Social Media Retargeting
Social Networks (wie Facebook und Instagram) bieten eine enorme Bandbreite in Sachen Gestaltung der Werbemittel. Dies in Kombination mit Remarketing-Maßnahmen zu bringen, kann sehr positive Effekte haben. Der Trend geht hin zu personalisierten und dynamischen Ads.


Google Ads Remarketing
Auch im „Google Universum“ gibt es Remarketing-Möglichkeiten: Neben Bannern im Google Display-Netzwerk können Ihre Website-Besucher zudem auf YouTube, Gmail und in bestimmten Apps erneut angesprochen werden. Eine Sonderform sind die sogenannten „RSLA-Ads“ – das sind Suchanzeigen, die nur bisherigen Website-Besuchern gezeigt werden.


Retargeting-Funnel
Auch beim Remarketing möchte man die User sprichwörtlich durch einen „Trichter“ schicken. Klassischerweise könnte dieser für das Retargeting folgendermaßen konzipiert sein:


  • Phase 1: Cold Traffic auf Facebook (= User, die nur via Interessensgebieten und demographischen Merkmalen ausgewählt werden, sollen auf das Produkt aufmerksam werden)
  • Phase 2: Interesse wecken oder vertiefen
  • Phase 3: Kaufreiz setzen und zu kaufrelevanten Handlungen bewegen
  • Phase 4 (optional): Nach dem Verkauf noch zusätzlich Zubehör und ähnliche Produkte bewerben

Retargeting: Zusätzliche Praxistipps für KMUs

Ist Remarketing auch etwas für KMU-Betriebe? Auf jeden Fall! Eine solche Kampagne sollte zwar besonders gut durchdacht sein und die technischen Basics (Pixel-Einbau, Conversion Tracking etc.) müssen unbedingt gegeben sein. Wer dann aber noch die Extra-Meile geht und alle Aspekte beachtet, wird bald Erfolge feiern:


  • Auch beim Retargeting essenziell: Clevere Auswahl der Zielgruppe/Audience.
  • Auf Conversions (=kaufrelevante Handlungen) optimieren, nicht auf Klicks oder Reichweite (wenngleich Retargeting auch für Branding-Maßnahmen gut einsetzbar ist).
  • Reaktanz vermeiden: Speziell Retargeting-Werbung kann rasch nerven. Stellen Sie daher sinnvolle Beschränkungen hinsichtlich der Zeitdauer und der Häufigkeit – im Fachjargon als Frequency Capping bezeichnet – ein.
  • Werbemittel und Landing Page(s) müssen ebenfalls passen, sonst hilft die beste Retargeting-Strategie nicht viel.
  • Timing ist in vielerlei Hinsicht ein großer Faktor.
  • Nahezu immer empfehlenswert: auffällig platzierte Möglichkeiten, auf Ihrer Website zu klicken (= Call-to-Action), konkrete Angebote sowie prägnante und klare Werbetexte.
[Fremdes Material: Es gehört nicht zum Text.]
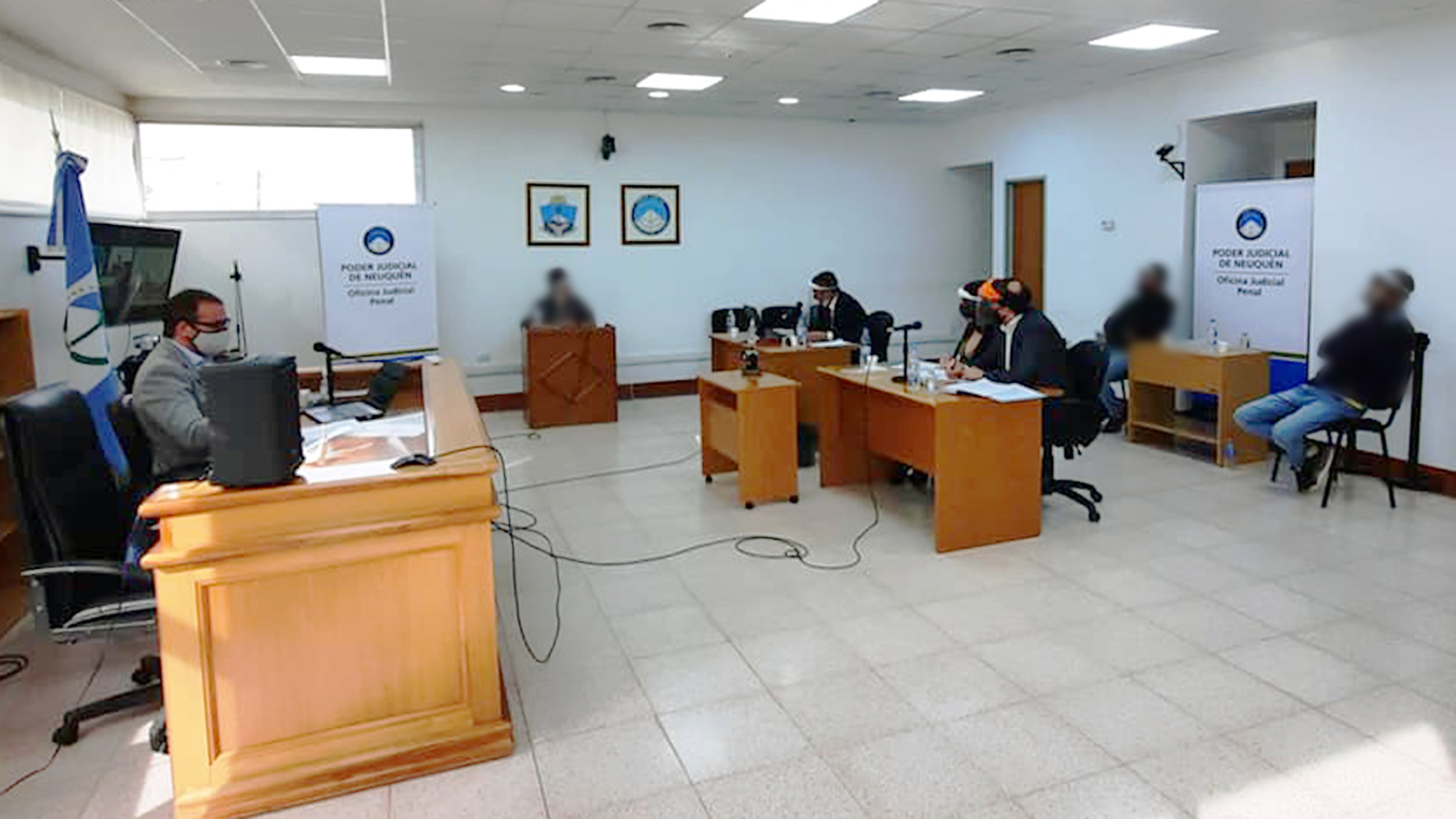 El juicio fue el primero en realizarse en la Segunda Circunscripción Judicial bajo el protocolo sanitario elaborado por el Poder Judicial tras la pandemia de COVID-19, y comenzó el pasado miércoles con la presencia del fiscal Gastón Liotard en la misma sala que los imputados y su representante legal, el defensor público Diego Simonelli; Mientras que los jueces Raúl Aufranc, Laura Barbé y Mario Tomassi presenciaron el proceso por videoconferencia.
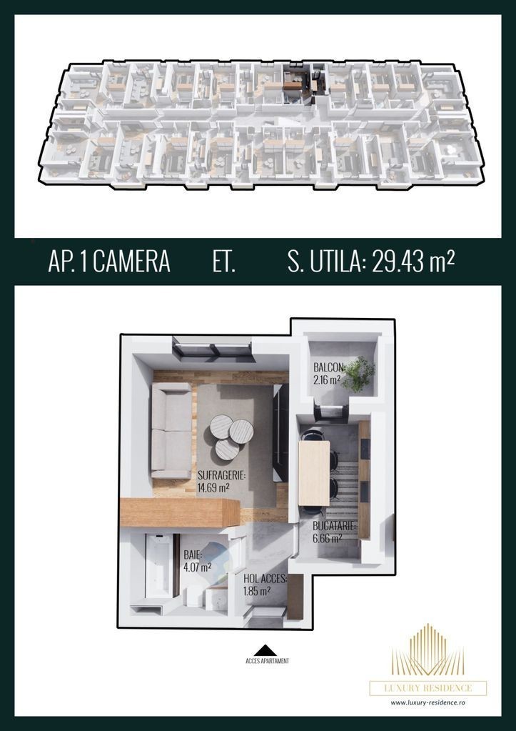 Vă propunem spre vânzare un apartament cu 1 camere, situat în complexul rezidențial Luxury Residence, în Chiajna, pe strada Ilie Petre, numărul 82 A. Aceasta este o locație care oferă liniște și acces rapid la diverse atracții din zonă, precum Militari Shopping Center,gama variata de magazine si restaurante.

Die Vorteile von Retargeting in der Online-Werbung

Die Vorteile auf einen Blick:


  • Mehr kaufrelevante Handlungen und weniger Streuverluste durch zielgerichtete Werbung
  • Neue Website-Besucher und Warenkorb-Abbrecher können nachträglich noch zu Kunden gemacht werden
  • Eignet sich zusätzlich auch zur Steigerung des Bekanntheitsgrades Ihrer Marke (= Branding)

Alles in allem ist Remarketing eine sinnvolle Ergänzung (und nie alleiniger Erfolgsbaustein!) Ihrer Online-Marketing-Aktivitäten. Diese Art der Werbung generiert nicht Neukunden im großen Stil, aber sorgt für mehr kaufrelevante Handlungen. In Ihren Marketing-Überlegungen sollte Remarketing daher zumindest eine Rolle spielen.